**TASK DETAILS:** Drop every picture. Then return, exactly, the lines from the beginning of the listing below through the one containing "劉謙、梁朝偉、張曼玉、郎咸平".

**SOURCE MATERIAL:**
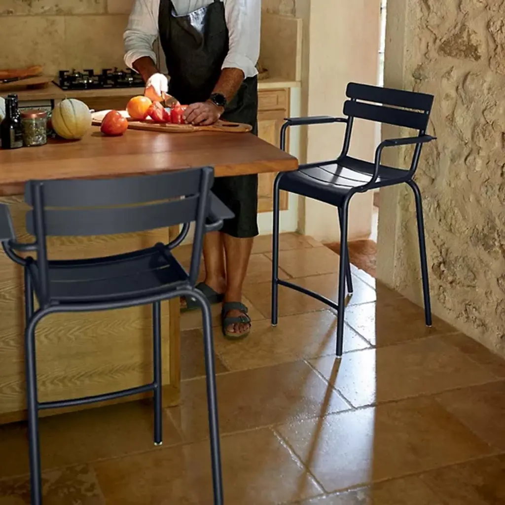 Enjoy a modern twist on a classic design. Designed as an ode to the legendary armchairs found in Jardin du Luxembourg, the Luxembourg High Armchair, Set of 2 by Fermob features clean lines and a bolstered height. Its tubular Aluminum frame supports 3 design elements that make this chair such a classic: curved slatted seat, curved slatted backrest, and slatted armrests. Made to reach countertops, this stackable high armchair is an optimal addition to bar-height tables.
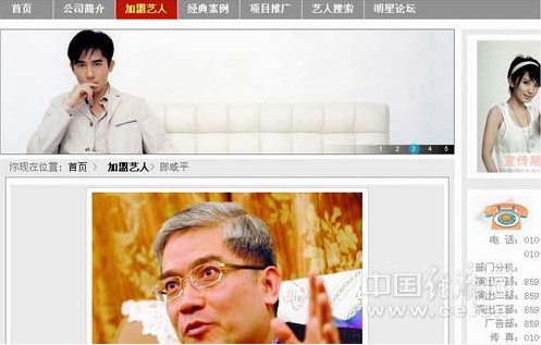 劉謙、梁朝偉、張曼玉、郎咸平這幾個(gè)名字你會想到什么?中國經(jīng)濟(jì)網(wǎng)記者今日在瀏覽某演藝經(jīng)紀(jì)網(wǎng)站發(fā)現(xiàn),平日里在媒體上以觀點(diǎn)獨(dú)到著稱、曾炮轟德隆系、痛斥國有企業(yè)MBO改革失敗、力推企業(yè)經(jīng)理人要講信托責(zé)任的香港中文大學(xué)教授郎咸平竟然出現(xiàn)在其中,與梁朝偉、劉謙、SHE組合等當(dāng)紅一樣也出現(xiàn)在“加盟藝人”之中。郎咸平教授曾在不同場合號稱自己要“上春晚”、“頂替趙本山”。難道真是邁出了這一步?
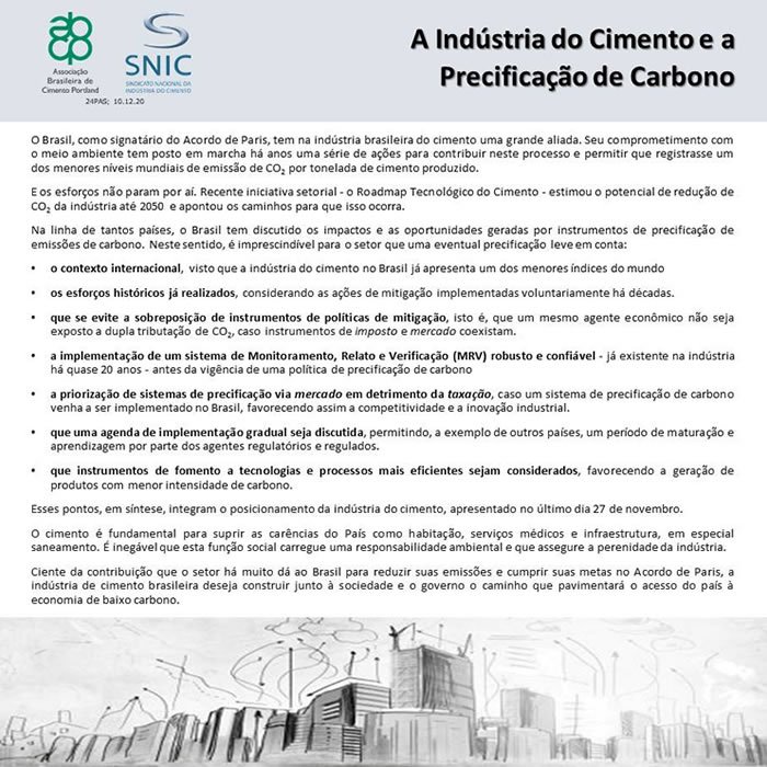 A ideia do posicionamento da indústria nacional é partir do Roadmap Brasil, lançado em 2019 e que apontava meios para reduzir a emissão de CO2 na produção de cimento, e ampliar para o ciclo de vida do produto, incorporando o concreto, a construção, a eletrificação, entre tantas outras ramificações que permitam alcançar a neutralidade climática do setor até 2050.

**EXERCISE RESULT:**
 Enjoy a modern twist on a classic design. Designed as an ode to the legendary armchairs found in Jardin du Luxembourg, the Luxembourg High Armchair, Set of 2 by Fermob features clean lines and a bolstered height. Its tubular Aluminum frame supports 3 design elements that make this chair such a classic: curved slatted seat, curved slatted backrest, and slatted armrests. Made to reach countertops, this stackable high armchair is an optimal addition to bar-height tables.
 劉謙、梁朝偉、張曼玉、郎咸平這幾個(gè)名字你會想到什么?中國經(jīng)濟(jì)網(wǎng)記者今日在瀏覽某演藝經(jīng)紀(jì)網(wǎng)站發(fā)現(xiàn),平日里在媒體上以觀點(diǎn)獨(dú)到著稱、曾炮轟德隆系、痛斥國有企業(yè)MBO改革失敗、力推企業(yè)經(jīng)理人要講信托責(zé)任的香港中文大學(xué)教授郎咸平竟然出現(xiàn)在其中,與梁朝偉、劉謙、SHE組合等當(dāng)紅一樣也出現(xiàn)在“加盟藝人”之中。郎咸平教授曾在不同場合號稱自己要“上春晚”、“頂替趙本山”。難道真是邁出了這一步?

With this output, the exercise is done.